Nurse navigators should consider sustainability strategies to ensure that their progress remains.
Jace Longnecker, BA, MBA, CCL
Jace Longnecker, BA, MBA, CCL
If one day for any reason you stopped going to your job as a navigator, would the people who follow you be able to pick up where you left off, or would they be stuck trying to reinvent the wheel? Are you building a legacy with your role so that those who come after you can stand on your shoulders and go even further than you, or are you setting them up for failure? Navigators need to start thinking of how we can sustain the progress we have worked so hard to attain.
Process Manuals as Living Documents
The way that you help patients overcome barriers to care may seem second nature to you, but you may well find that your common sense is quite uncommon, and the process is more complicated than you had imagined.
Experienced navigators need to write down our common processes. For example, you may refer all of your patients with head and neck cancer to a nutritionist as part of your care coordination. Write down exactly how you accomplish this, what information is required, and to whom the referral is sent. Include the referral form as an appendix, along with any common problems with the referrals and how you have overcome them. Be as detailed as possible, and try to make the language accessible so that anyone can read it.
Put together a binder of all of your processes, or make an electronic document if at all possible so that you can disseminate the knowledge efficiently to all who need it. Remember that process manuals are living documents. Be prepared to make changes as they come.
Navigators need to start thinking of how we can sustain the progress we have worked so hard to attain.
Resource Database in the Cloud
There seems to be a ubiquitous binder in every case manager, navigator, and social worker's shelf full of notes about resources that may or may not actually work. These binders often contain outdated information, making the binder an unreliable waste of space even though it may contain some useful resources.
Our team came up with a simple but effective replacement for the binder; we created a spreadsheet database. It wasn't the most elegant solution, but it was free, and we were able to distribute it across our entire state instantly.
First, we vet all of the resources before placing them in our approved resource list. We exclude resources that do not return our calls or emails. As we communicate with the resource agencies, we confirm and record eligibility information. For continuity's sake, we commit to vet the resources as a team every 6 months. It is surprising how many resources can become defunct within that time span.

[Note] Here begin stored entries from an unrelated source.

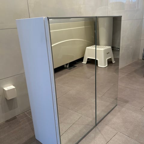 Ikeaskåp, grått med speglar och glashyllor invändigt, mått 800x970 mm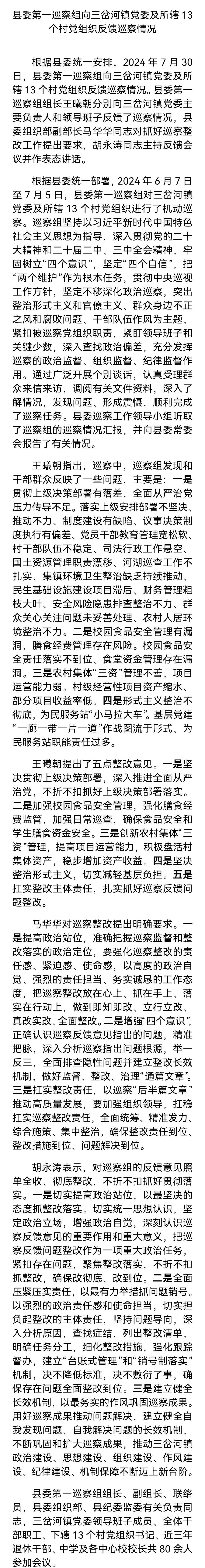 县委第一巡察组向三岔河镇党委及所辖13个村党组织反馈巡察情况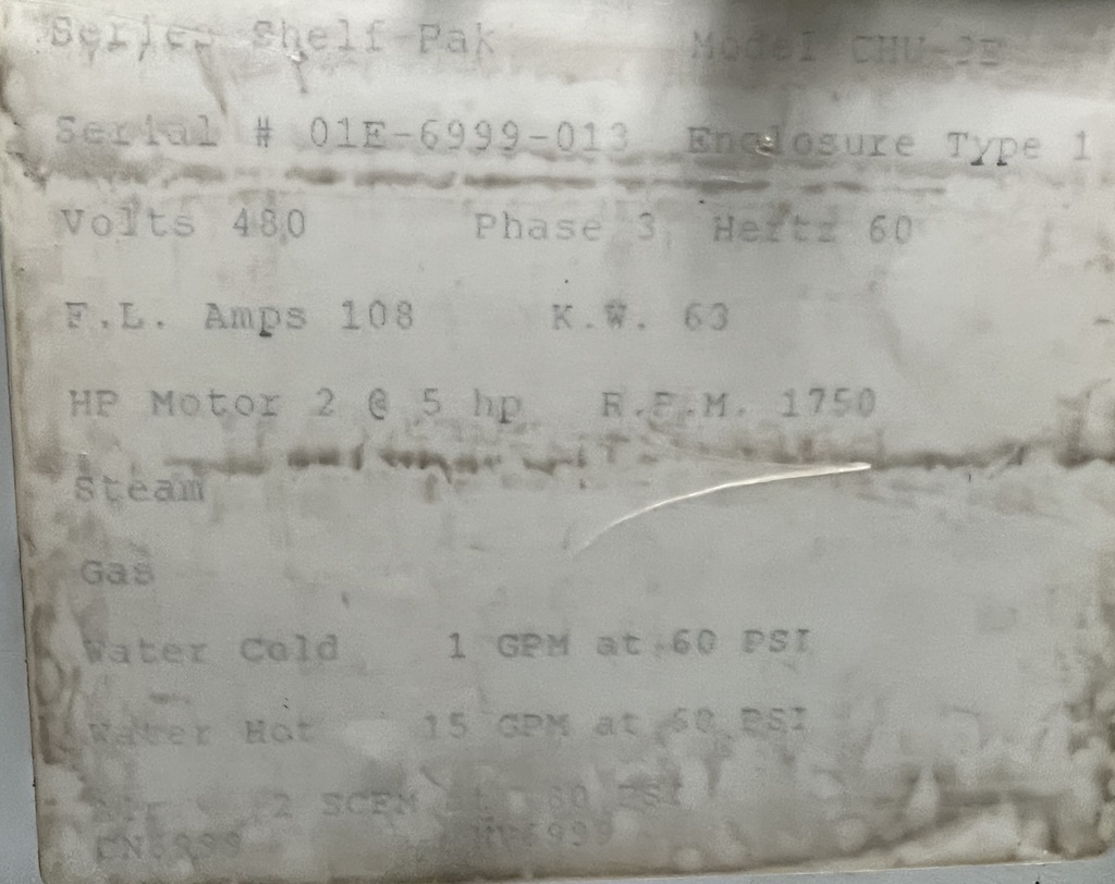 * Voltage: 480-3-60 Hertz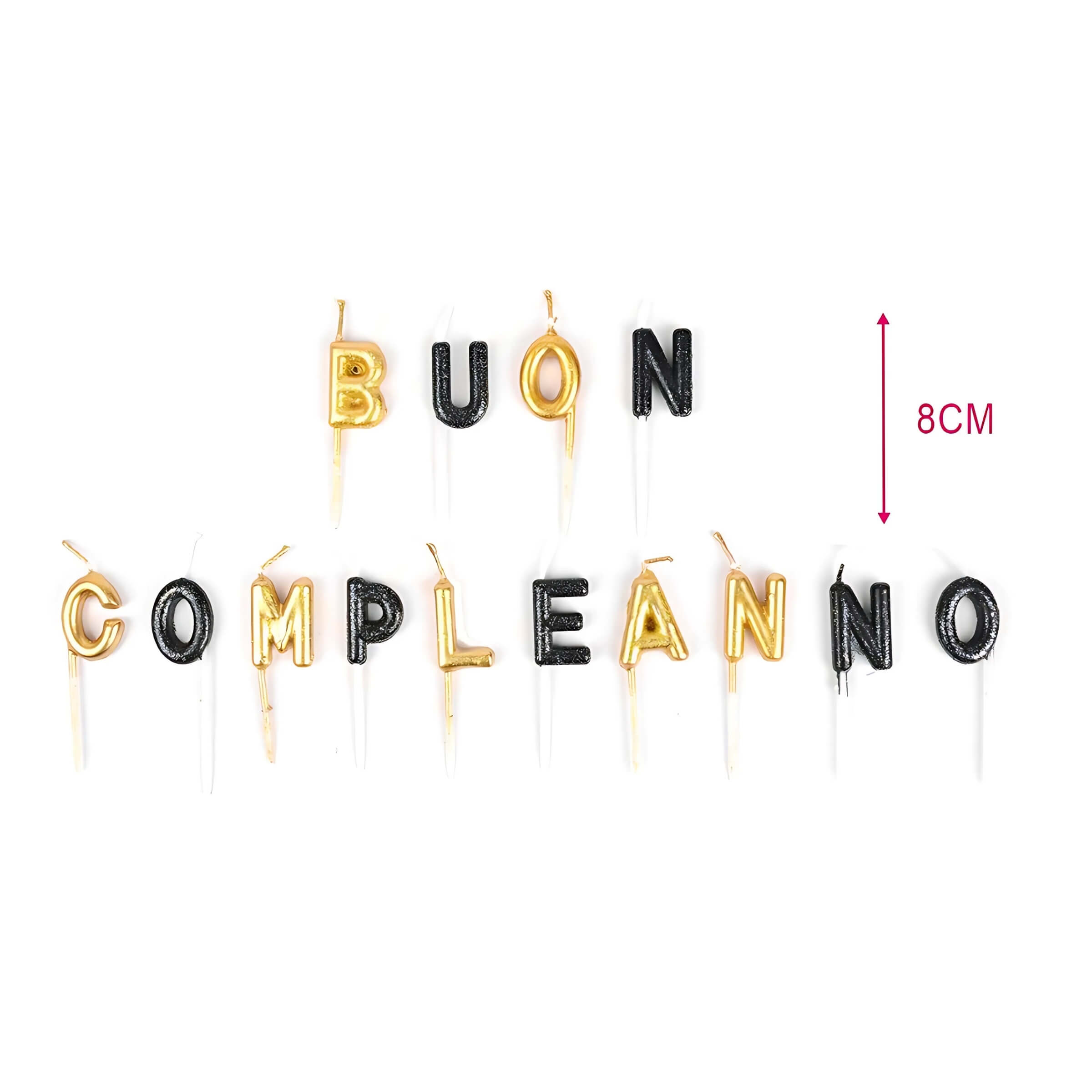 Rendi la torta di compleanno elegante e scenografica con il set di candeline a lettere "Buon Compleanno" nei raffinati colori oro e nero. Perfette per aggiungere un tocco di stile e originalità, queste candeline tridimensionali sono pensate per chi desidera una decorazione d'effetto, moderna e diversa dalle classiche soluzioni colorate.• Contenuto della confezione: Il set include 14 candeline a forma di lettera, composte dalla scritta completa "BUON COMPLEANNO". Le lettere sono alternate in colorazione oro lucido e nero glitterato, offrendo un contrasto visivo elegante e dinamico, ideale per feste raffinate o a tema.• Modalità di utilizzo: Ogni lettera è montata su uno stelo in plastica rigida che consente di fissare facilmente le candeline sulla torta. La disposizione può essere personalizzata a seconda dello spazio e dello stile della decorazione. L’accensione avviene facilmente grazie allo stoppino in cima a ogni lettera.• Dimensioni: Le candeline misurano circa 8 cm in altezza totale, inclusa la base, risultando ben visibili sulla torta senza appesantire la composizione estetica. L’altezza permette di dare risalto al messaggio mantenendo armonia con le dimensioni del dolce.• Occasioni d’uso: Perfette per compleanni di adulti, party a tema elegante, feste serali o eventi speciali, queste candeline sono ideali per dare un tocco distintivo alla torta e creare foto di grande impatto. L’effetto oro e nero è particolarmente indicato per ambientazioni chic, glamour o sofisticate.• Composizione e materiali: Le lettere sono realizzate in cera colorata di alta qualità con effetto metallizzato e glitter. La base in plastica rigida è pensata per garantire stabilità durante l’uso e sicurezza a contatto con il dolce.Il set candeline “Buon Compleanno” in oro e nero è il dettaglio che trasforma ogni torta in un vero e proprio centrotavola. Una scelta di stile per chi ama celebrare con classe, senza rinunciare alla creatività.Avvertenze: Prodotto da utilizzare sotto la supervisione di un adulto. Non lasciare incustodite le candeline accese. Assicurarsi che siano completamente spente prima dello smaltimento.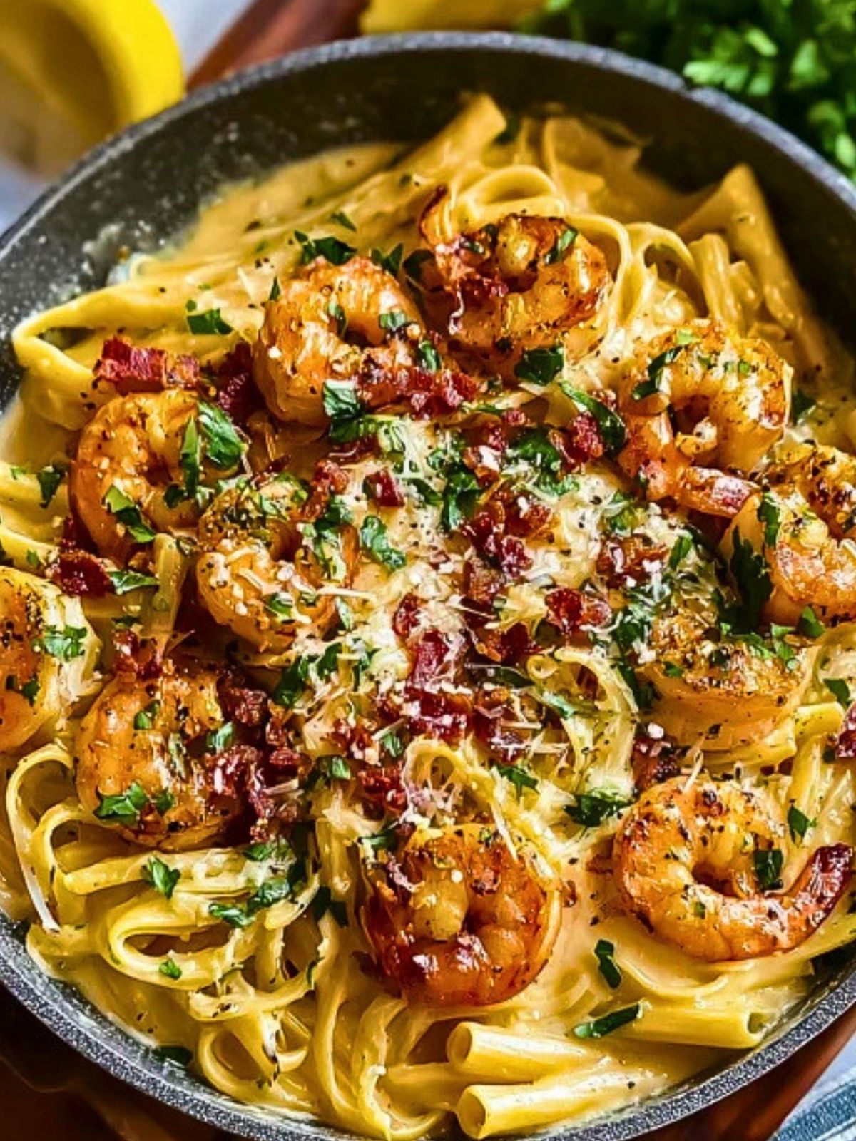 Return the pasta to the skillet and toss until coated in the creamy sauce. Add a splash of reserved pasta water if you want a silkier finish. Fold in most of the bacon, then return the shrimp to the pan just long enough to warm through.

Second, we take the approved resource list and enter all of the relevant information onto uniform factsheets created for each resource. The template includes space for contact information, eligibility requirements, nature of assistance offered, and any special notes that could be relevant to the navigator or patient. The factsheets are saved in an electronic folder.
Third, we enter the basic information created for each resource into a spreadsheet, organized across 3 columns: (1) resource name hyperlinked to its respective factsheet, (2) location, and (3) resource type, for example, transportation, support, non-medical bills, and housing. We restrict the resource types to 20 unique terms to make it easier for the navigator to sort the terms for the patient’s specific needs when looking for resources.
Fourth, we use zip software to combine the spreadsheet and resources into a single folder, making sure that all patient health information is deleted from the resource files to prevent violating HIPAA. We upload to a cloud service like Dropbox or Google Drive, enable sharing options, and send the link to all personnel who should access it.
If your hospital system employs database programmers, by all means, use them to create a more refined version, but always take the time to vet the resources periodically. This database can be an invaluable tool to your team and serve them well in case you are absent.
Manuals and databases sustain navigation by improving continuity, but revenue-generating programs will sustain navigation on many different levels. You could hire more staff, prove your monetary worth to corporate leaders, and give your patients better access to care.
Demonstrating Your Value
One of the strengths of navigation is that we can anticipate problems before they occur and arrange for the appropriate screening. In Georgia, we can screen patients with breast and cervical cancer who are self-pay for eligibility for the Women's Health Medicaid program. We also screen Medicare patients for eligibility for QMB (Medicaid’s Qualified Medicare Beneficiary program), as well as for the “Extra Help” program for individuals who need assistance paying for Medicare’s Part D drug coverage. See if your hospital offers any COBRA premium assistance programs to help the recently unemployed maintain their coverage for treatment. Copay and pharmacy replacement programs can also bring in revenue.
Availability of these programs will depend on your location. Sometimes our own organization's systems are so large and disconnected that they don't share patient insurance information. Share the information with your organization's billers. Sometimes you are referred insured patients that supposedly are not covered for certain services; make the call to the insurance company yourself with the proper ICD-10 and CPT codes to confirm this. I have found many times that patients are covered—by confirming coverage, we retain paying patients.
Keep a record of all of the successful cases you have helped, using these revenue-generating strategies and programs. It is a win—win for both your organization and the patient, who in many cases gains better access to care.
These simple and free strategies will help you to sustain your navigation program, build your legacy, and demonstrate that your team is beneficial to your organization.
Jace Longnecker, BA, MBA, CCL, is a lay navigator at Northside Hospital in Atlanta.